─── PROVIDED MATERIAL

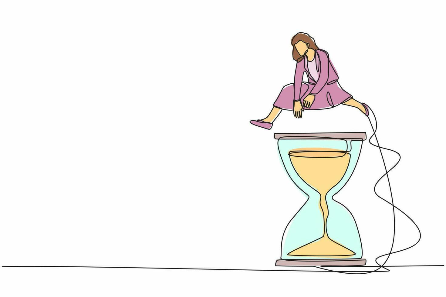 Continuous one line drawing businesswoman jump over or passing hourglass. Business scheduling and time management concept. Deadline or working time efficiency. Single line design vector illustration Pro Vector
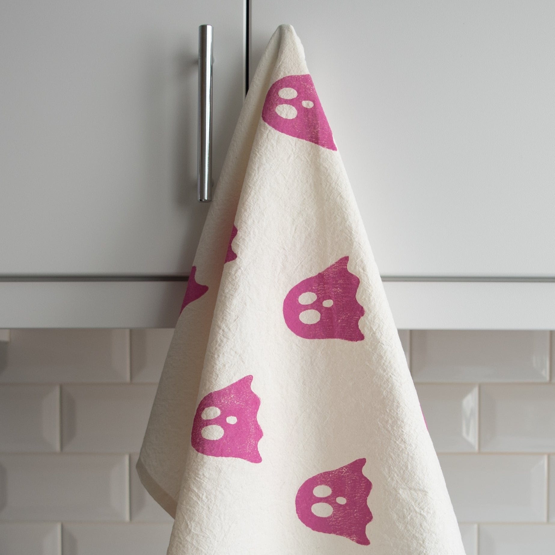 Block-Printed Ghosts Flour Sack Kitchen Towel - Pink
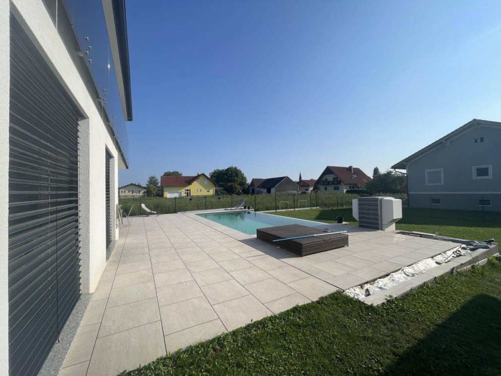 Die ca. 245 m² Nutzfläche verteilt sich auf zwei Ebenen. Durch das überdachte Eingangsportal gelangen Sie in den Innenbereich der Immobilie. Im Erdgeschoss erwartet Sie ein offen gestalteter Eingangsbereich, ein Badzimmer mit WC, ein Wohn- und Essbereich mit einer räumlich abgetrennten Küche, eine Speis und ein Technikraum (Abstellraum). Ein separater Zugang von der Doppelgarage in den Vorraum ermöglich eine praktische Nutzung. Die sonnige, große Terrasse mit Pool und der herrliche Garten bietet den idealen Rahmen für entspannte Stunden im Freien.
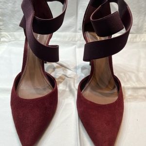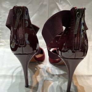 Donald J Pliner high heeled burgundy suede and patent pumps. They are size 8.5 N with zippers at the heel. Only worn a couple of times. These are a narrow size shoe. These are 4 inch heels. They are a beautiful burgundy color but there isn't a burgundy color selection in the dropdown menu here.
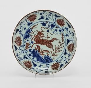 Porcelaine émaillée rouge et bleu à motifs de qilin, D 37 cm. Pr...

──────

→ THE TASK: Please give back every line above exactly as it stands, without pictures.

→ TASK RESPONSE:
 Continuous one line drawing businesswoman jump over or passing hourglass. Business scheduling and time management concept. Deadline or working time efficiency. Single line design vector illustration Pro Vector
 Block-Printed Ghosts Flour Sack Kitchen Towel - Pink
 Die ca. 245 m² Nutzfläche verteilt sich auf zwei Ebenen. Durch das überdachte Eingangsportal gelangen Sie in den Innenbereich der Immobilie. Im Erdgeschoss erwartet Sie ein offen gestalteter Eingangsbereich, ein Badzimmer mit WC, ein Wohn- und Essbereich mit einer räumlich abgetrennten Küche, eine Speis und ein Technikraum (Abstellraum). Ein separater Zugang von der Doppelgarage in den Vorraum ermöglich eine praktische Nutzung. Die sonnige, große Terrasse mit Pool und der herrliche Garten bietet den idealen Rahmen für entspannte Stunden im Freien.
 Donald J Pliner high heeled burgundy suede and patent pumps. They are size 8.5 N with zippers at the heel. Only worn a couple of times. These are a narrow size shoe. These are 4 inch heels. They are a beautiful burgundy color but there isn't a burgundy color selection in the dropdown menu here.
 Porcelaine émaillée rouge et bleu à motifs de qilin, D 37 cm. Pr...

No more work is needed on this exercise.